╭─ Task inputs

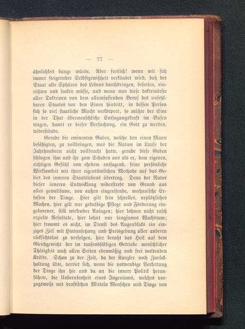 Gerade die eminenten Gaben, welche den einen Mannbefähigten, zu vollbringen, was die Nation im Laufe derJahrhunderte uicht vollbracht hatte, gerade diese Gabenschlugen ihm und ihr zum Schaden aus als er, dem eigenen,richtigen Gefühl von ehedem entsagend, seine PersönlicheWirksamkeit mit ihrer eigentümlichen Methode auf das Ge-biet des inneren Staatslebens übertrug. Denn der Naturdieser iuneren Entwicklung widerstrebt von Grund ausalles gewaltsame, von außen eingreifende, mechanische Er-fassen der Dinge. Hier gilt kein schnelles, urplötzlichesMachen, hier gilt nur geduldige Pflege und Förderung ein-geborener, still wirkender Anlagen; hier lohnen nicht rascherzielte Resultate, hier lohnt nur langsames Wachstum;hier frommt es nicht, im Dienst des Augenblicks ein ein-ziges Ziel mit Hintansetzung und Preisgebung aller anderenrücksichtslos zu verfolgen, hier beruht das Heil auf demGleichgewicht der im tausendfältigen Getriebe menschlicherThätigkeit nach allen Seiten ebenmäßig und frei waltendenKräfte. Schon zu der Zeit, da der Kanzler noch Zurück-haltung übte, verriet sich, wenn die notwendige Verkettungder Dinge ihn hie und da an die innere Politik heran-führte, die Unberufenheit eines Ingeniums, welches vor-zugsweise mit drastischen Mitteln Menschen und Dinge von
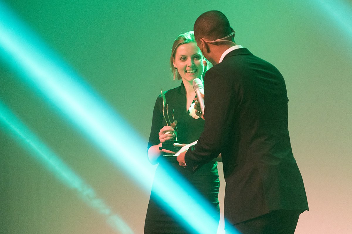 Eine Frau erhält einen Preis von einem Mann auf einer Gala mit grünem Licht und festlicher Atmosphäre.
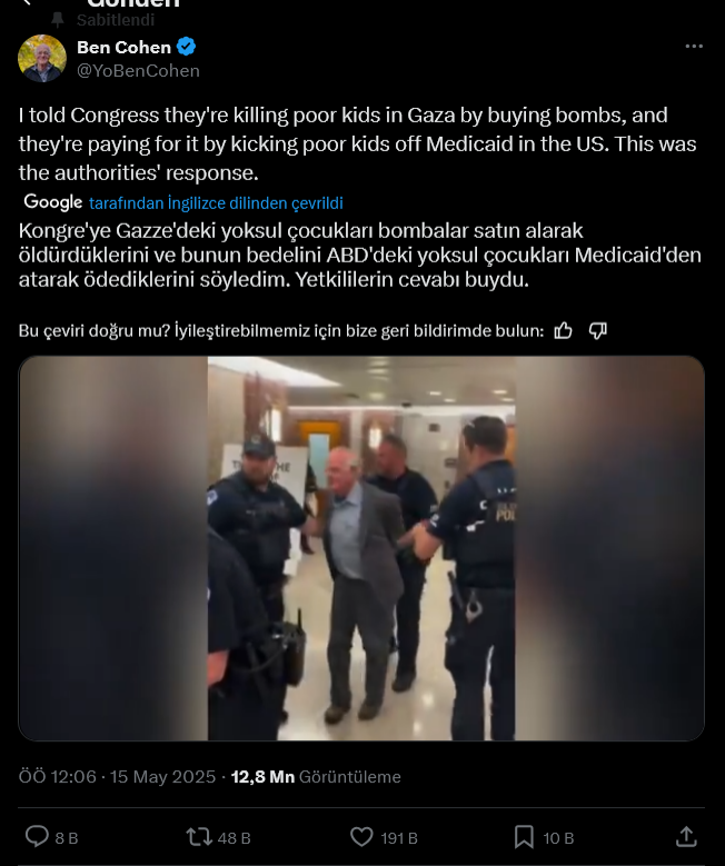 ABD’nin sembol markalarından ve dünya çapında büyük bir kültürel etkisi olan dondurma markası Ben & Jerry’s’in Ben Cohen, ABD Senatosu’nda İsrail’e askeri yardım ve Gazze’deki insani koşullara karşı düzenlenen protesto sırasında gözaltına alındı.
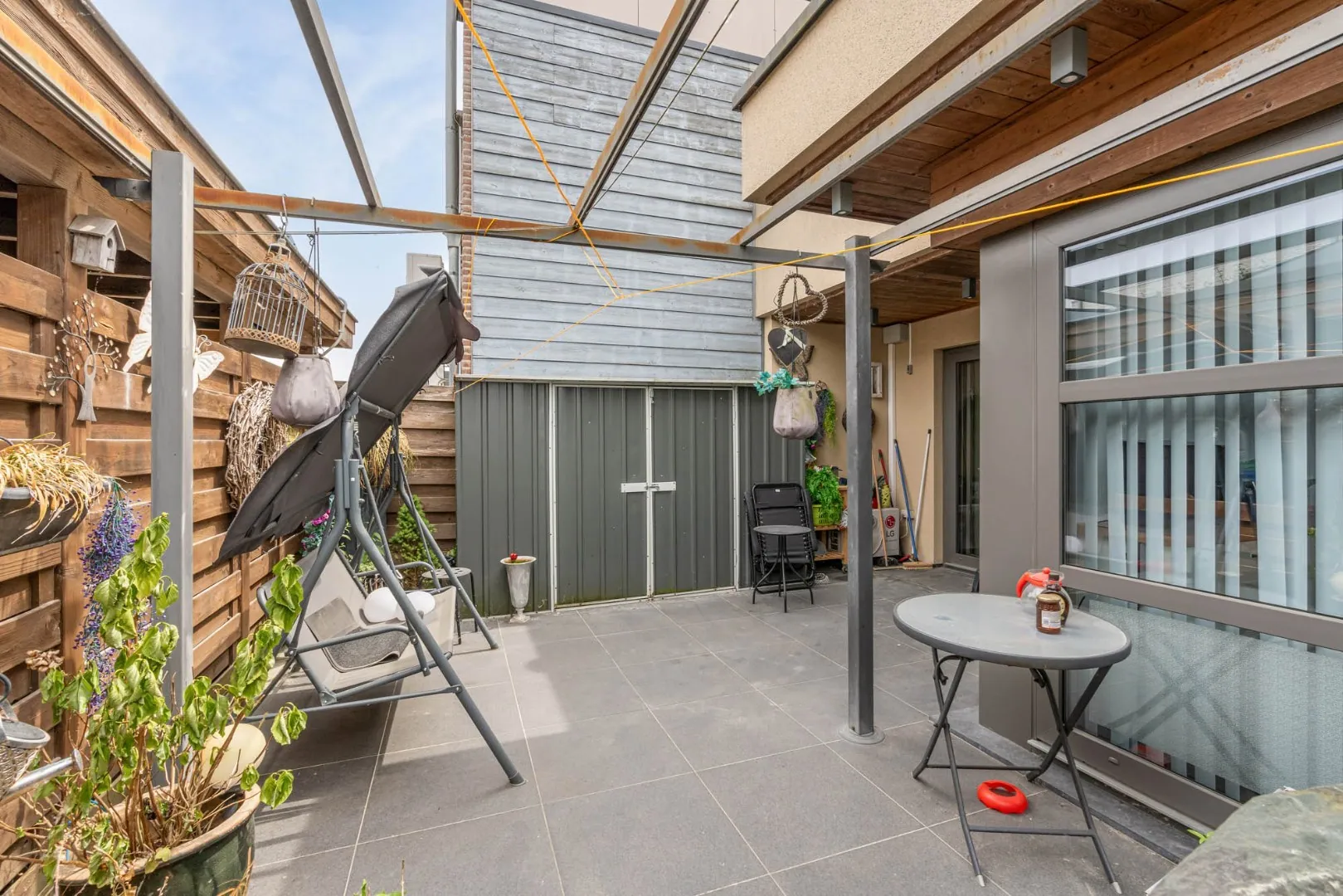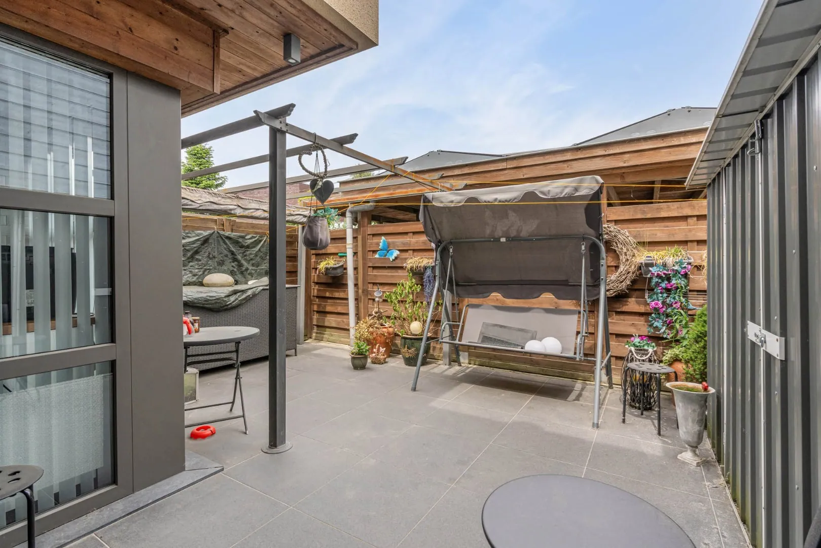 Een schuifraam geeft vanuit de woonkamer toegang tot het ruime terras. Het terras is voorzien van een tegelvloer en biedt voldoende privacy.
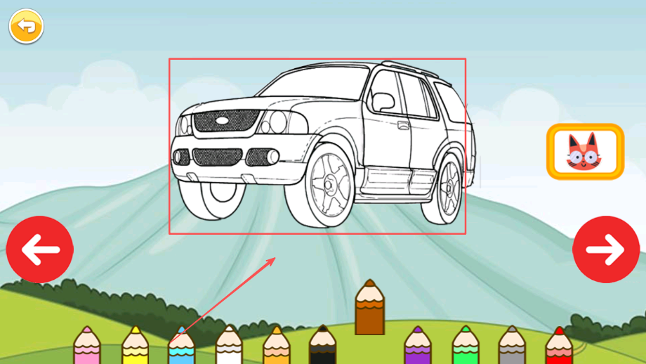 1、选择喜欢的汽车图案开始涂色,从多种车型中挑选感兴趣的主题进行创作,根据个人喜好选择涂色对象,培养自主选择能力。
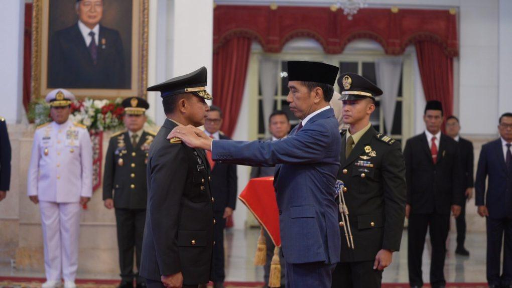 “Demi Allah saya bersumpah, bahwa saya akan setia kepada Negara Kesatuan Republik Indonesia yang berdasarkan Pancasila dan Undang-Undang Dasar Negara Republik Indonesia Tahun 1945, serta akan menjalankan segala peraturan perundang-undangan dengan selurus-lurusnya demi darma bakti saya kepada bangsa dan negara,” ucap Jenderal TNI Agus mengikuti ucapan Presiden.
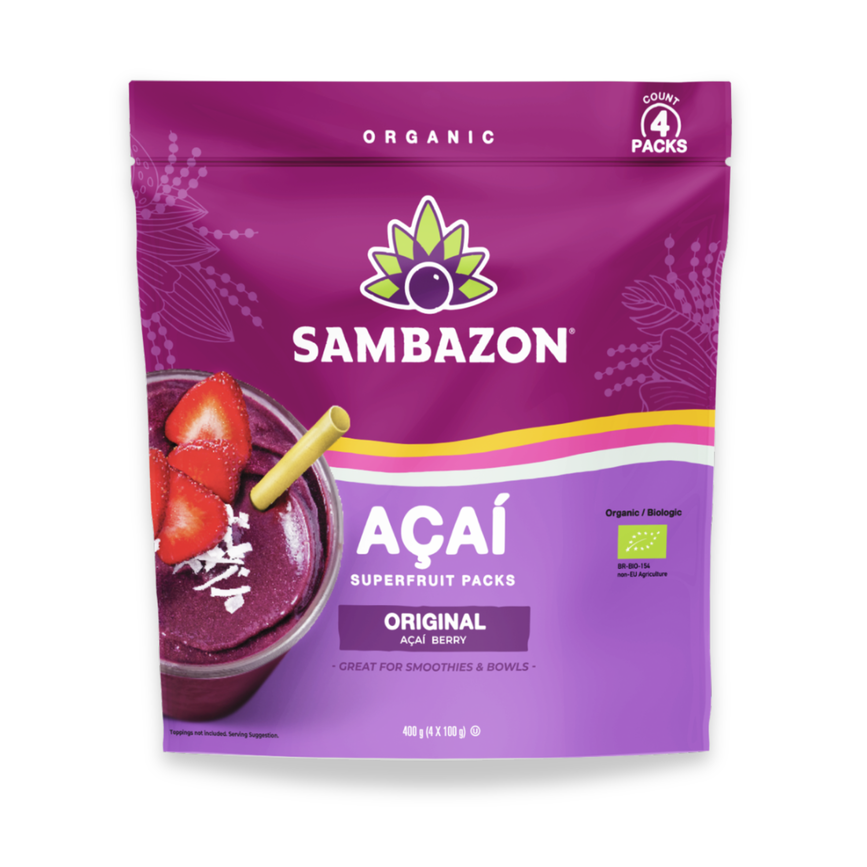 Epická chuť, antioxidanty a optimálny pomer mastných kyselín. Açaí značky Sambazon je pestované v ekologickom poľnohospodárstve, neobsahu geneticky modifikované organizmy (GMO-free). Je to najlepšia voľba na chutné smoothies pre zdravú výživu.

╰─

▸ Task directions: Apart from the images, print all the material above exactly as given.

▸ Output of the task:
 Gerade die eminenten Gaben, welche den einen Mannbefähigten, zu vollbringen, was die Nation im Laufe derJahrhunderte uicht vollbracht hatte, gerade diese Gabenschlugen ihm und ihr zum Schaden aus als er, dem eigenen,richtigen Gefühl von ehedem entsagend, seine PersönlicheWirksamkeit mit ihrer eigentümlichen Methode auf das Ge-biet des inneren Staatslebens übertrug. Denn der Naturdieser iuneren Entwicklung widerstrebt von Grund ausalles gewaltsame, von außen eingreifende, mechanische Er-fassen der Dinge. Hier gilt kein schnelles, urplötzlichesMachen, hier gilt nur geduldige Pflege und Förderung ein-geborener, still wirkender Anlagen; hier lohnen nicht rascherzielte Resultate, hier lohnt nur langsames Wachstum;hier frommt es nicht, im Dienst des Augenblicks ein ein-ziges Ziel mit Hintansetzung und Preisgebung aller anderenrücksichtslos zu verfolgen, hier beruht das Heil auf demGleichgewicht der im tausendfältigen Getriebe menschlicherThätigkeit nach allen Seiten ebenmäßig und frei waltendenKräfte. Schon zu der Zeit, da der Kanzler noch Zurück-haltung übte, verriet sich, wenn die notwendige Verkettungder Dinge ihn hie und da an die innere Politik heran-führte, die Unberufenheit eines Ingeniums, welches vor-zugsweise mit drastischen Mitteln Menschen und Dinge von
 Eine Frau erhält einen Preis von einem Mann auf einer Gala mit grünem Licht und festlicher Atmosphäre.
 ABD’nin sembol markalarından ve dünya çapında büyük bir kültürel etkisi olan dondurma markası Ben & Jerry’s’in Ben Cohen, ABD Senatosu’nda İsrail’e askeri yardım ve Gazze’deki insani koşullara karşı düzenlenen protesto sırasında gözaltına alındı.
 Een schuifraam geeft vanuit de woonkamer toegang tot het ruime terras. Het terras is voorzien van een tegelvloer en biedt voldoende privacy.
 1、选择喜欢的汽车图案开始涂色,从多种车型中挑选感兴趣的主题进行创作,根据个人喜好选择涂色对象,培养自主选择能力。
 “Demi Allah saya bersumpah, bahwa saya akan setia kepada Negara Kesatuan Republik Indonesia yang berdasarkan Pancasila dan Undang-Undang Dasar Negara Republik Indonesia Tahun 1945, serta akan menjalankan segala peraturan perundang-undangan dengan selurus-lurusnya demi darma bakti saya kepada bangsa dan negara,” ucap Jenderal TNI Agus mengikuti ucapan Presiden.
 Epická chuť, antioxidanty a optimálny pomer mastných kyselín. Açaí značky Sambazon je pestované v ekologickom poľnohospodárstve, neobsahu geneticky modifikované organizmy (GMO-free). Je to najlepšia voľba na chutné smoothies pre zdravú výživu.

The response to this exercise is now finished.